A strength of the system is that during flow optimization, the system is completely non-invasive and the mask on the infant’s face does not interfere with HFNC treatment. Unlike spirometry, it does not add dead space. This monitoring system enables real-time visualization of the HFNC and patient flow and volume traces, allowing for adjustments to the delivered flow rate and immediate re-evaluation. In the non-invasive version, the only disposable part is the ventilation mask, whereas the pneumotachographs are reusable after disinfection.

Our system has limitations. Firstly, monitoring can only occur for specific periods of time and not continuously. Secondly, the system was only tested on infants, so it is uncertain whether it would be as useful in an adult population as it is in young infants.

5. Conclusions

In conclusion, in this paper we have shown a new system (Pro_HFNC) that permits us to set in real time the optimal flow rate and to evaluate respiratory profile in patients with respiratory distress treated with HFNC. With Pro_HFNC, the determination of optimal flow rate is simple to perform, it does not necessitate particular skills, and, most importantly, it does not require HFNC interruption.
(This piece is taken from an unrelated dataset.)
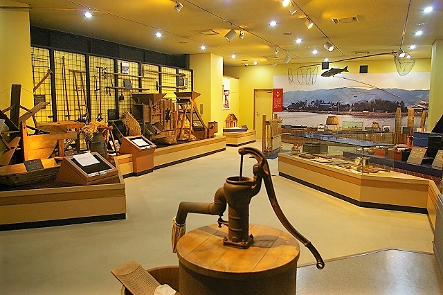 ![]() 2階では輪中の歴史や生活文化について実物や模型で学ぶことができます。 |

Pro_HFNC also allows for Fsyst control during treatment. Finally, if connected to Pph and Pes catheters, Pro_HFNC allows for the calculation of numerous parameters of patient’s respiratory profile that may be useful to continue or interrupt HFNC treatment.

We believe that for a better control of respiratory parameters, the application of HFNC combined with the Pro_HFNC will grow further and with it the opportunities it offers.